### RAW DATA ###

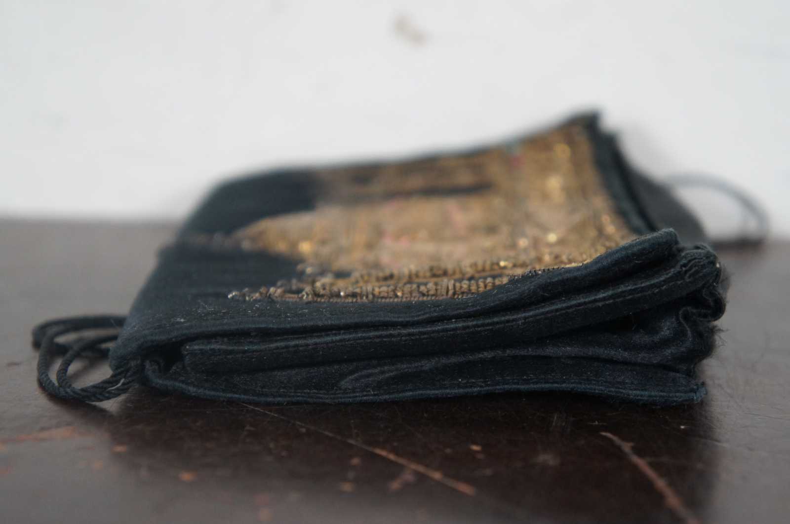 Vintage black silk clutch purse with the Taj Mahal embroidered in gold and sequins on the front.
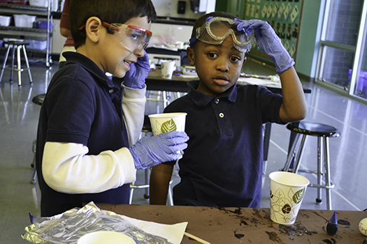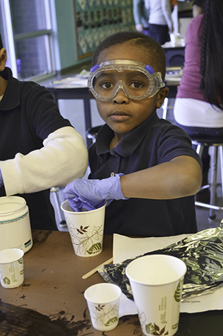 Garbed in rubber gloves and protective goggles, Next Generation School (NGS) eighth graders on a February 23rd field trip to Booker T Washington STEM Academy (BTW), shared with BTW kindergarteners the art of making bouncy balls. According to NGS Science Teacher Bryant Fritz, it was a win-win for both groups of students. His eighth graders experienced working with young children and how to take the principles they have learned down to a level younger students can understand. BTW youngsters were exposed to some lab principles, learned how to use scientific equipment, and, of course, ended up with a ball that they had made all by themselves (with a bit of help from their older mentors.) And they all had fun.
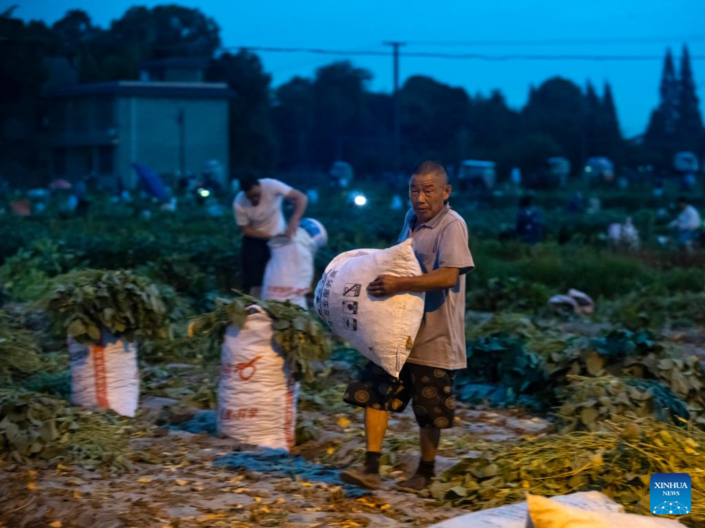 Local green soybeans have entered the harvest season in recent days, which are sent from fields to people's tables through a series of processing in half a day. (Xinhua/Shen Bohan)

###

§ PROMPT: Nothing but the pictures may be dropped as you repeat the listing above exactly.

§ EXERCISE RESULT:
 Vintage black silk clutch purse with the Taj Mahal embroidered in gold and sequins on the front.
 Garbed in rubber gloves and protective goggles, Next Generation School (NGS) eighth graders on a February 23rd field trip to Booker T Washington STEM Academy (BTW), shared with BTW kindergarteners the art of making bouncy balls. According to NGS Science Teacher Bryant Fritz, it was a win-win for both groups of students. His eighth graders experienced working with young children and how to take the principles they have learned down to a level younger students can understand. BTW youngsters were exposed to some lab principles, learned how to use scientific equipment, and, of course, ended up with a ball that they had made all by themselves (with a bit of help from their older mentors.) And they all had fun.
 Local green soybeans have entered the harvest season in recent days, which are sent from fields to people's tables through a series of processing in half a day. (Xinhua/Shen Bohan)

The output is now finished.